In the 1970s the perception of the model went through a metamorphosis: in '72 the Olympic swimmer Mark Spitz celebrated his triumph at the Munich Olympics by holding his Gazelle aloft during the performance of the national anthem, attracting a strong controversy; in '73 the model-sosia of adidas Jaguar supplanted the Gazelle on which, however, the entire City Series of the brand was based in the future; in '76 the Gazelle appeared on the pages of the legendary Japanese magazine Popeye that cemented its status in the emerging fashion scene of Tokyo pre-Harajuku and, in '79, the shoe had a reissue under the name of Gazelle Special. In the '80s, however, through the spread of hip-hop music in the UK and its fusion with the football-centric style of hooligans, the Gazelle became a central element of youth clothing, enriching itself with a new colorway, and then expanding its presence across the breadth of the urban scene: from breakdancing to skate, from hip-hop to the world of basketball.
This diffusion prepared the ground for the '90s, when from the soil of hooligan culture blossomed the flower of Britpop: Oasis and Blur included the Gazelle in that glossary sportswear that would become part of the language of streetwear twenty years later.

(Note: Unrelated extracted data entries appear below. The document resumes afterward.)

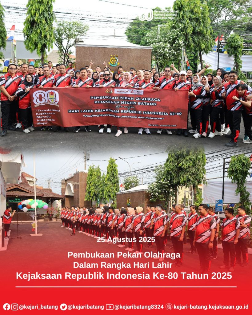 Pada hari Senin, 25 Agustus 2025, bertempat di Halaman Kejaksaan Negeri Batang, telah dilaksanakan Pembukaan Pekan Olahraga Kejaksaan Negeri Batang dalam rangka Hari Lahir Kejaksaan Republik Indonesia Ke-80 Tahun 2025. Pembukaan Pekan Olahraga dipimpin langsung oleh Kepala Kejaksaan Negeri Batang, Dr. Raymond Ali, S.H., M.H., dan diikuti oleh seluruh jajaran pegawai Kejaksaan Negeri Batang di dampingi Ketua Ikatan Adhyaksa Dharmakarini Daerah Batang, Ny. Yeni Raymond beserta Anggota Ikatan Adhyaksa Dharmakarini Daerah Batang.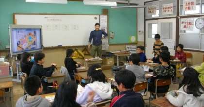 5年生は,外国語活動で,on や in を使ってもののある場所を表現をしていました。3年生は,社会科で,火事が起こる原因について話し合い,消防局のWebページで確かめていました。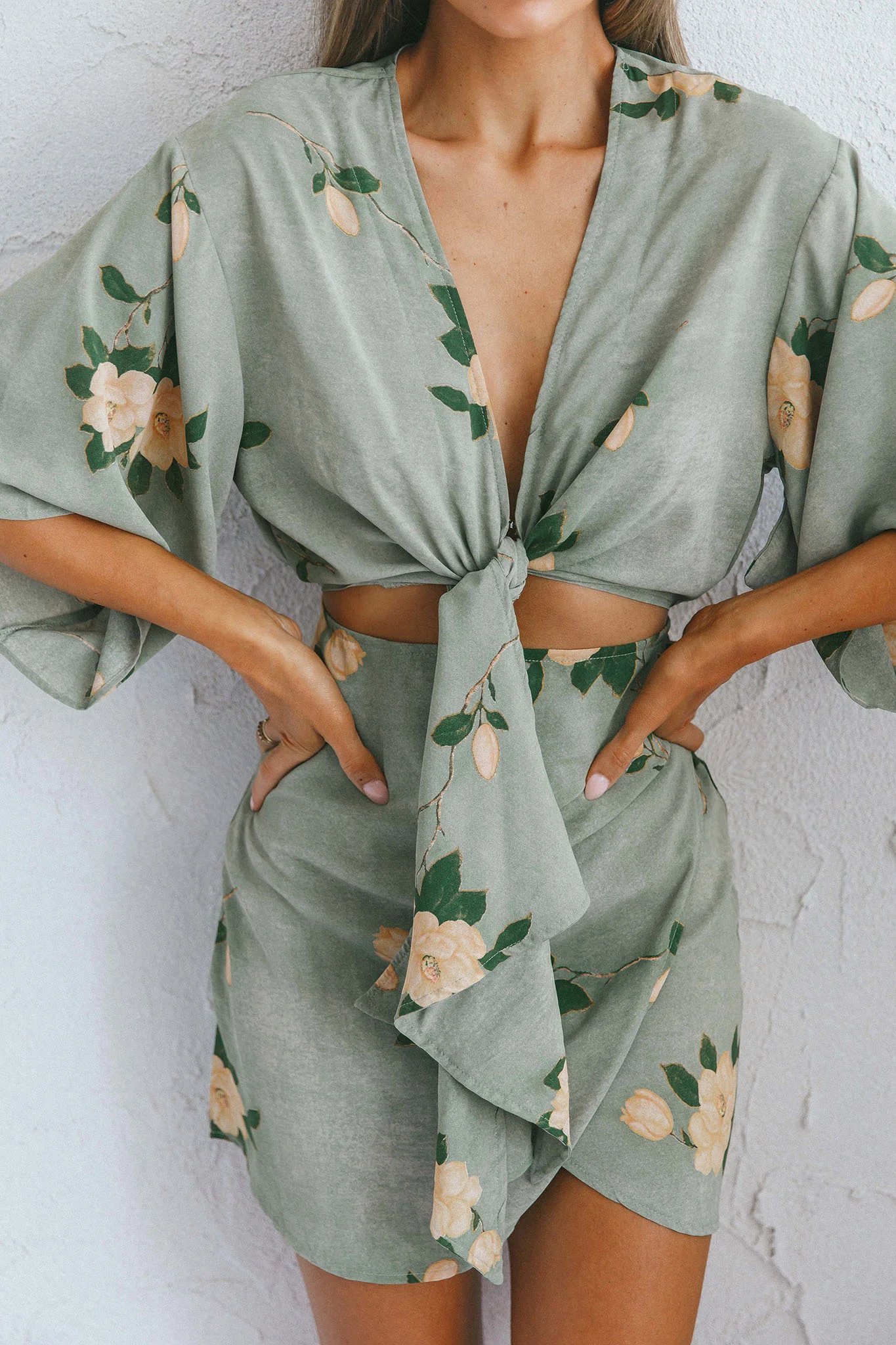 Rivera Deep-V Waist-Tie Dress Rose Floral Print Sage

Meanwhile the nascent legion of supermodels adopted Gazelles as sporty, disengaged shoes for when the heels of the catwalk became uncomfortable. It was the ultimate coronation of the Gazelle: cool kids halfway around the world were wearing them, the shoes were colorful yet minimal, evoked the world of American and European subcultures, and most importantly, they were accessible in many markets and for every audience. Their success was the success of a democratic design that, starting from the hyper-athletic inspiration of the origins, discovered that sportswear could become the fuel for a completely different phenomenon, that from sport borrowed the social dynamics of the group and the popularity among the new generations but that transcended the idea of simple athletic performance to approach self-expression and a new language of dress. It was precisely the Gazelles of this period that were replicated in 2016 during the relaunch of the silhouette. Again Gary Aspden explained to Complex the phenomenon this way:
«I was saying how to someone how the Gazelle has overtaken their original purpose and function and how no serious athlete would use a shoe like that to train in, and then I remembered seeing James Bond working out in a pair in one of the recent Daniel Craig films. If they are good enough for James Bond to use in the gym, then who am I to argue otherwise?»